▶ **PROBLEM REQUIREMENTS**: Where a line of the data holds the word "Trinita", copy that line.
__________________________________________________
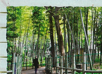
目黒区：すずめのお宿緑地公園 春の竹林は若い緑がいっきと鮮やか。園内にある古民家は昔の目黒を今に伝えています。
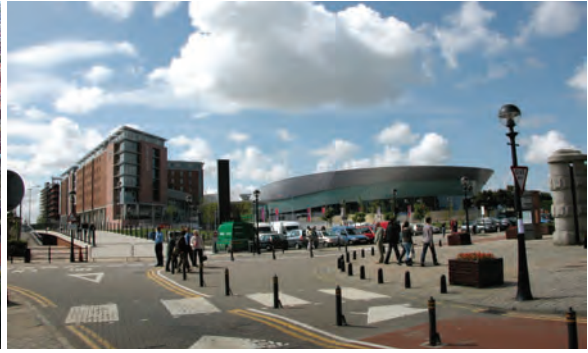
2008년 유럽문화수도인 리버풀 전경
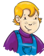
brat - brother brader
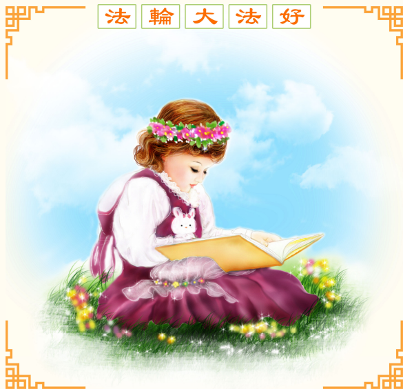
· 法轮功学员绘画作品 ·

从冰雪皑皑的格陵兰岛到赤日炎炎的非洲，从宁静的日月潭边到壮美的自由女神像前，从温馨的莱茵河畔到广袤的澳洲草原，从南美的高原平川到印度的恒河两岸……您都可以听到法轮大法悠扬宁静的炼功音乐，可以见到法轮功学员祥和徐缓的炼功场面。
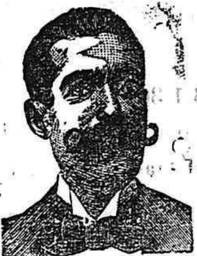
A. SALVATI COSTANZI Calle Diputación, 435 BARCELONA

Aprobado y recomendado por la M. I. Academia Médico-Farmacéutica de Barcelona. El ELIXIR INGLUVINA GIOL, cura la Dispepsia, Gastralgia, Dolores de estómago, Flatos, Disenteria, Malas digestiones, Inapetencia, Vómitos, Estreñimiento, Vientos abdominales, Catarros del estómago, Diarrea, Bilis, Convalecencias difíciles, Vómitos de las embarazadas, y todas las enfermedades del estómago e Intestinos. Las notabilidades médicas prefieren el ELIXIR GIOL á cualquier otro preparado. Venta al por mayor y menor: Farmacia Giol, Paseo de Gracia, 24. Barcelona.
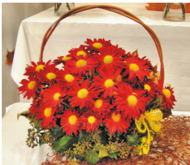
Chryzatéma: Šlapanická Eliška

Šlapanice byly a jsou známy svými výstavami květin a také lidmi, kteří město Šlapanice proslavili v oblasti pěstování a šlechtění květin.
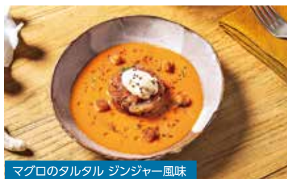
マグロのタルタル ジンジャー風味
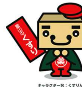
キャラクター名：くすりん
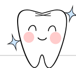
R6 むし歯治療完了状況12月18日現在

また、令和7年1月28日(火)に開催が予定されている、「令和6年度八代学校保健研究協議大会」では、「歯と口の健康」について、3名の講師の講話が予定(オンラインで視聴可)されています。学校の一室で視聴できるように準備しますので、ご希望される方は、ご来校ください。(詳細については、後日メールにてお知らせします。)
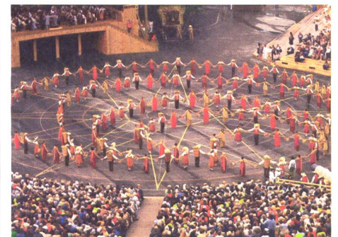
Herbsttanz am Vinzerfest in Vevey im Jahr 1972.

Als erste von acht lebendigen Traditionen der Schweiz wurde im vergangenen Dezember das Winzerfest Vevey in die repräsentative Unesco-Liste des immateriellen Kulturerbes der Menschheit aufgenommen. Das 2015 eingereichte Bewerbungsdossier wurde insbesondere als Musterbeispiel gerühmt, wie eine lebendige Tradition mit dem Unesco-Weltkulturerbe, der Landschaft des Weingebietes Lavaux nämlich, verbunden werden kann.
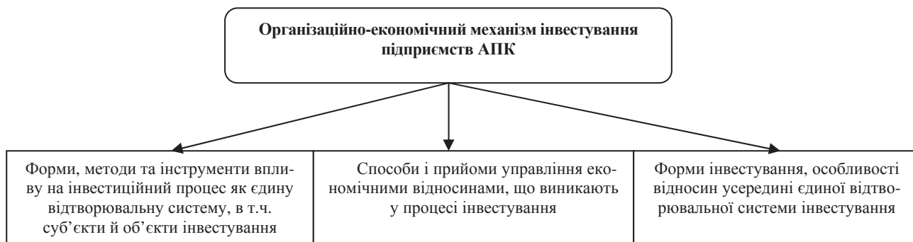
Рис. 1. Організаційно-економічний механізм інвестування підприємств АПК *

Виклад основних результатів дослідження. Організаційно-економічний механізм інвестування як категорія є сукупністю економічних інструментів і методів регулювання, що забезпечують максимальну ефективність використання капіталу за зовнішніх та внутрішніх постійно змінюваних умов інвестиційного ринку [1]. До складу організаційно-економічного механізму інвестування слід включити такі інструменти й методи (рис. 1).
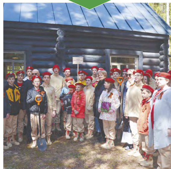
Подготовила Татьяна КОНДРАТЬЕВА.

Сажать сирень помогли юнармейцы из Беляевской школы. Для них встреча с внучкой маршала стала незабываемой. Теперь они вместе с сотрудниками нацпарка «Угра» будут ухаживать за саженцами.
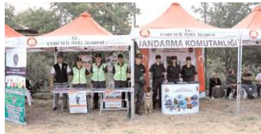
Stantta jandarmanın faaliyetleri hakkında bilgi verildi.

Öğrencilerde, jandarma tarafından kurulan standta yoğun ilgi göstererek ilerde jandarma olmak istediklerini belirttiler. (Haber Merkezi)
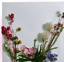
平野区 瓜破東小学校 生涯学習ルーム
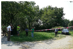
Olio bollente in...
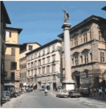
Piazza Santa Trinita.

Per proseguire, all'angolo formato da via de' Tornabuoni e da piazza Santa Trinita, si consiglia di girare di 90° verso Est, entrare nella Piazza seguendo il marciapiede, fino a trovare borgo SS. Apostoli.
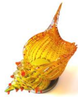
ピノ・シニョレット作 『貝』

アドリア海最深部のラグーナ(潟)の上に築かれたヴェネツィアで生まれ育ったガラス作家達は、ラグーナや海と関わりが深い生活環境の中で幼少期を過ごしてきました。その影響もあり、魚やイルカなど、海に関連した様々な生き物が題材となり、数多くの作品が生み出されています。 本展では、ヴェネツィアをとりまく豊かな自然からインスピレーションを受けた、優れたデザイン性と高度な技術により制作された色鮮やかで美しい作品をご紹介します。
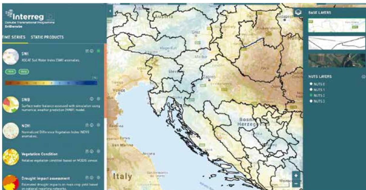
Slika 4. Sučelje geoportala Drought Watch, www.droughtwatch.eu

Razvili su ga projektni partneri Space SI (Slovenija) i Bečko tehničko sveučilište (TUW) iz Austrije, a temelji se na dostupnim satelitskim produktima. Ova platforma je potpuno besplatna, dostupna svima i takva će ostati i nakon završetka projekta. Platforma je jednostavna za upotrebu i njezino korištenje, ne zahtijeva neka posebna tehnička znanja. Glavne informacije na platformi su prevedene na sve jezike zemalja partnera kako bi se omogućila dostupnost informacija što većem broju korisnika.
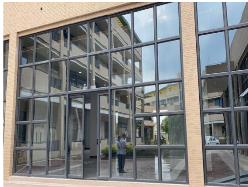
二楼理论教学区域
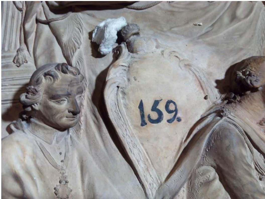
Detalle nº de inventario de 1808
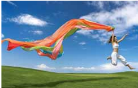
Energetische Störungen werden beseitigt.
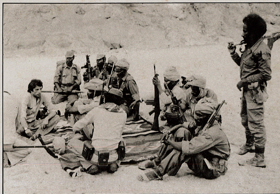
Couverture : Virginie Demachy
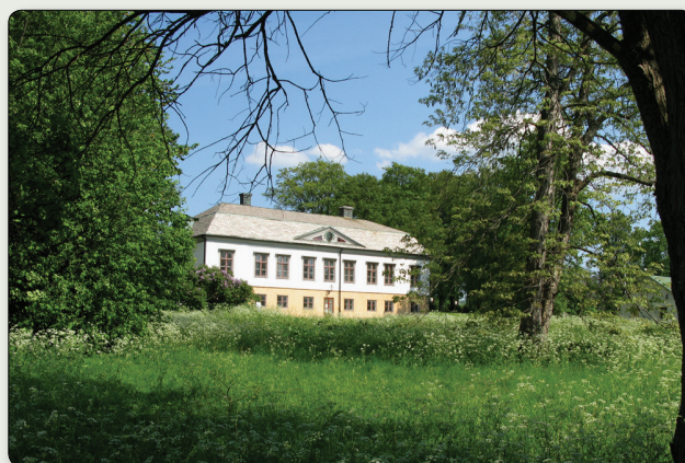
Rosenlunds herrgård med den igenvuxna västra parken i maj 2011.

Öster om herrgårdsbyggnaden låg tidigare en nyttoträdgård med fruktträd och grönsaksodlingar. Här uppfördes ett stall för stadens polishästar. Det första rosariet skapades 1978 och har sedan dess byggts om och utökats. Idag rymmer planteringarna omkring 500 olika sorters rosor med fokus på äldre varianter. Rosenlunds Rosarium är idag ett välbesökt utflyktsmål och anläggningen fungerar som regionalt klonarkiv för rosor inom Programmet för odlad mångfald (POM).
__________________________________________________
▶ **RESULT OF THE EXERCISE**:
Piazza Santa Trinita.
Per proseguire, all'angolo formato da via de' Tornabuoni e da piazza Santa Trinita, si consiglia di girare di 90° verso Est, entrare nella Piazza seguendo il marciapiede, fino a trovare borgo SS. Apostoli.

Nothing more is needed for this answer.